Help us defend against VMS! -- DEC perspective

Doug Gwyn gwyn at brl-smoke.ARPA
Sat Mar 12 08:37:41 AEST 1988


In article <8803101924.AA03437 at decwrl.dec.com> devine at cookie.dec.com (Bob Devine) writes:
>Should it be an open standard or should it be controlled by AT&T?

"False dichotomy."

It could be both, or this may not even be the most important issue.

>  As we get closer to final approval of the Posix standard, AT&T
>seems to be regretting letting the Genie out of the profitable bottle.
>Each new version of System V has become more onerous, why?

I don't know what you mean by this.  SVR3.0 incorporated tremendous
improvements that should be of great value to future UNIX users.
In particular, STREAMS is an extremely important technology.  The
file system switch is also important, but more to implementors than
directly to end users.  SVR3.0 is the first AT&T UNIX system release
that I would rate as technically the equal of, or superior to, 4.nBSD
on all major counts.

SVR3.1 appears to have continued the tradition of removing unnecessary
constraints that got in the way of international use of UNIX.  SVR4.0,
from what I have heard, will continue the tradition of merging in
those features of 4.nBSD that people find most useful.  What is
onerous about all this?

If you refer to the requirement that VARs advertising their systems
as UNIX System V conform to the SVID, why is that a problem?  It's
exactly what many customers want, and what has been specified in many
government procurement actions.  While on this topic, the NBS-proposed
POSIX-based FIPS is by no means a suitable replacement for the SVID;
it does not provide nearly as comprehensive and "crisp" a specification
as the SVID does; therefore it does not meet end-user needs nearly so
well.  When asked, my recommendation is always to supplement POSIX
in the specs with ANSI C and SVID requirements, in such a way that
conflicts among the requirements have a well-determined resolution.

>The AT&T reps to Posix have now voted against final approval, again why?
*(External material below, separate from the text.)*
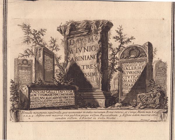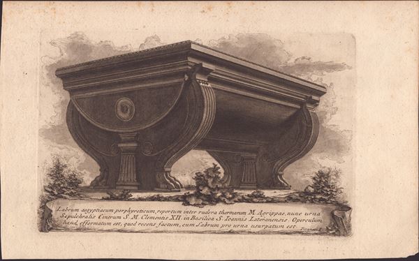 Lotto di due incisioni. Acquaforte, 185 x 290 mm (lastra), 235 x 380 mm (foglio) e 190 x 293 mm (lastra), 260 x 335 mm (foglio). Tavole tratte dal Campo Marzio. Focillon 433 e 434.

Presumably, like more than a quarter of the balloting group (how many
more I don't know), they found unacceptable technical errors in Draft 12
of IEEE Std 1003.1.  There is going to be another recirculation round
of a new draft of the proposed standard; perhaps the problems will be
fixed so that AT&T representatives, the USENIX representative (who is
a well-known supporter of the 4.nBSD UNIX variants), I, and others could
change our negative ballots to favor adopting the new draft as the
final-use standard.

Please, if you're going to push the DEC "party line", don't misrepresent
the actual situation (such as implying that AT&T representatives are
trying to torpedo POSIX); when exposed, it unduly weakens your case.